*** Opening of TASK MATERIAL ***
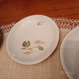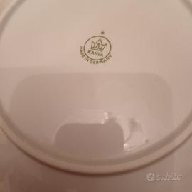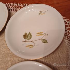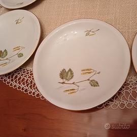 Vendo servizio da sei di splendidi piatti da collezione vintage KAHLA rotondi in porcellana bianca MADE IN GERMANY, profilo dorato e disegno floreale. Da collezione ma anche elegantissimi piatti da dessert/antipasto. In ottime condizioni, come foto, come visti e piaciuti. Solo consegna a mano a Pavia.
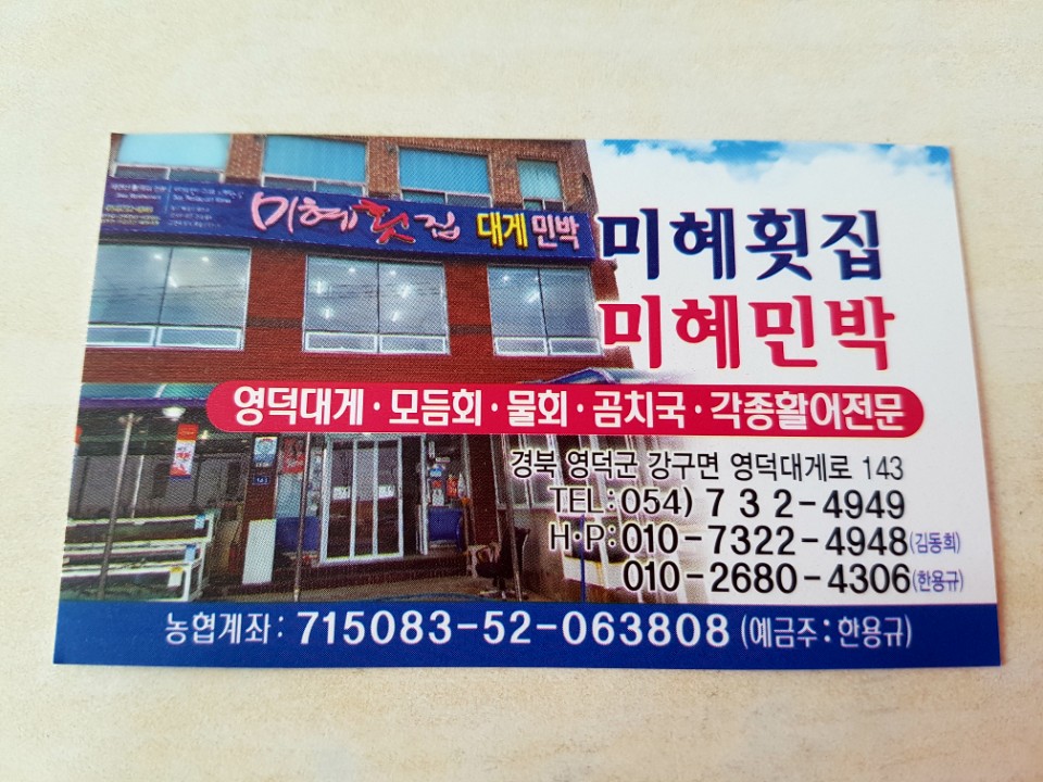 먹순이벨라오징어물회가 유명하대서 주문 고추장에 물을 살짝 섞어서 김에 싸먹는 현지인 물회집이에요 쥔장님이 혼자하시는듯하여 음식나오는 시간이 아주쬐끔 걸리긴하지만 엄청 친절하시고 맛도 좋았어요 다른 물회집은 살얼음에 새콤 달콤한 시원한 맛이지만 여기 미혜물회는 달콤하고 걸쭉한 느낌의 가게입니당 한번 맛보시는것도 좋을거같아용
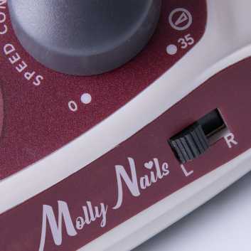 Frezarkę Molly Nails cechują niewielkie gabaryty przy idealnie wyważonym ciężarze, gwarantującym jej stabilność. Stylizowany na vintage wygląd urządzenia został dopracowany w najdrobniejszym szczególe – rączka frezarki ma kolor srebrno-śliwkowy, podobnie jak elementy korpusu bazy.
*** Close of TASK MATERIAL ***
*** Opening of TASK MATERIAL ***
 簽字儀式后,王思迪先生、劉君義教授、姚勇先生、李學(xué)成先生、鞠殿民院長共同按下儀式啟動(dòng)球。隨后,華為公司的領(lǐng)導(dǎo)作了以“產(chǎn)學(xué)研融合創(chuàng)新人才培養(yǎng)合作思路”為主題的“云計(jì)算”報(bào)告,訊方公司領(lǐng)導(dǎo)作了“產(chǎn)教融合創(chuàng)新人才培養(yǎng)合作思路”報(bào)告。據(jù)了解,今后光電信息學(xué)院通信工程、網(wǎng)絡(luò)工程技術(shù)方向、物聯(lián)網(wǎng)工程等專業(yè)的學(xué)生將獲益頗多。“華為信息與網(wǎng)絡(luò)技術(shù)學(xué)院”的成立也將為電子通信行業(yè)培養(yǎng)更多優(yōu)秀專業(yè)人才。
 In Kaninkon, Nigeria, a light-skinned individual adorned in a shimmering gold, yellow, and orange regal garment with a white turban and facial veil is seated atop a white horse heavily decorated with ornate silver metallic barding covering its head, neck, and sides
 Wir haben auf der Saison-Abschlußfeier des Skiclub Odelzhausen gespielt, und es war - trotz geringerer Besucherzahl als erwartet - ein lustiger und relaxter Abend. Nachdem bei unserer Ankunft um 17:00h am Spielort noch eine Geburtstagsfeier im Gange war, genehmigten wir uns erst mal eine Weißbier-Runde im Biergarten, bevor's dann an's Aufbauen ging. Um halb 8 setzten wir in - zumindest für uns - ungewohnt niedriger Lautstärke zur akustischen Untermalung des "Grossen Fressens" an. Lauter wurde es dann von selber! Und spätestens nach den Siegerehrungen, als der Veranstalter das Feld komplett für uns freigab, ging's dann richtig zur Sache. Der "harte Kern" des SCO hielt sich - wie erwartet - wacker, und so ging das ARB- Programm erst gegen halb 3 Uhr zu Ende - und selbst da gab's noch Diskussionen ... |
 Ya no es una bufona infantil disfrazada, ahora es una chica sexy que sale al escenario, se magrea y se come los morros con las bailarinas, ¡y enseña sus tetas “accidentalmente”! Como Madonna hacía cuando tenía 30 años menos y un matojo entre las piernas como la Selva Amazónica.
*** Close of TASK MATERIAL ***
**TASK DIRECTIONS:** Could you set down, word for word, only the lines above from the line with "In Kaninkon, Nigeria, a" to the line with "Ya no es una", including both?

**REPLY:**
 In Kaninkon, Nigeria, a light-skinned individual adorned in a shimmering gold, yellow, and orange regal garment with a white turban and facial veil is seated atop a white horse heavily decorated with ornate silver metallic barding covering its head, neck, and sides
 Wir haben auf der Saison-Abschlußfeier des Skiclub Odelzhausen gespielt, und es war - trotz geringerer Besucherzahl als erwartet - ein lustiger und relaxter Abend. Nachdem bei unserer Ankunft um 17:00h am Spielort noch eine Geburtstagsfeier im Gange war, genehmigten wir uns erst mal eine Weißbier-Runde im Biergarten, bevor's dann an's Aufbauen ging. Um halb 8 setzten wir in - zumindest für uns - ungewohnt niedriger Lautstärke zur akustischen Untermalung des "Grossen Fressens" an. Lauter wurde es dann von selber! Und spätestens nach den Siegerehrungen, als der Veranstalter das Feld komplett für uns freigab, ging's dann richtig zur Sache. Der "harte Kern" des SCO hielt sich - wie erwartet - wacker, und so ging das ARB- Programm erst gegen halb 3 Uhr zu Ende - und selbst da gab's noch Diskussionen ... |
 Ya no es una bufona infantil disfrazada, ahora es una chica sexy que sale al escenario, se magrea y se come los morros con las bailarinas, ¡y enseña sus tetas “accidentalmente”! Como Madonna hacía cuando tenía 30 años menos y un matojo entre las piernas como la Selva Amazónica.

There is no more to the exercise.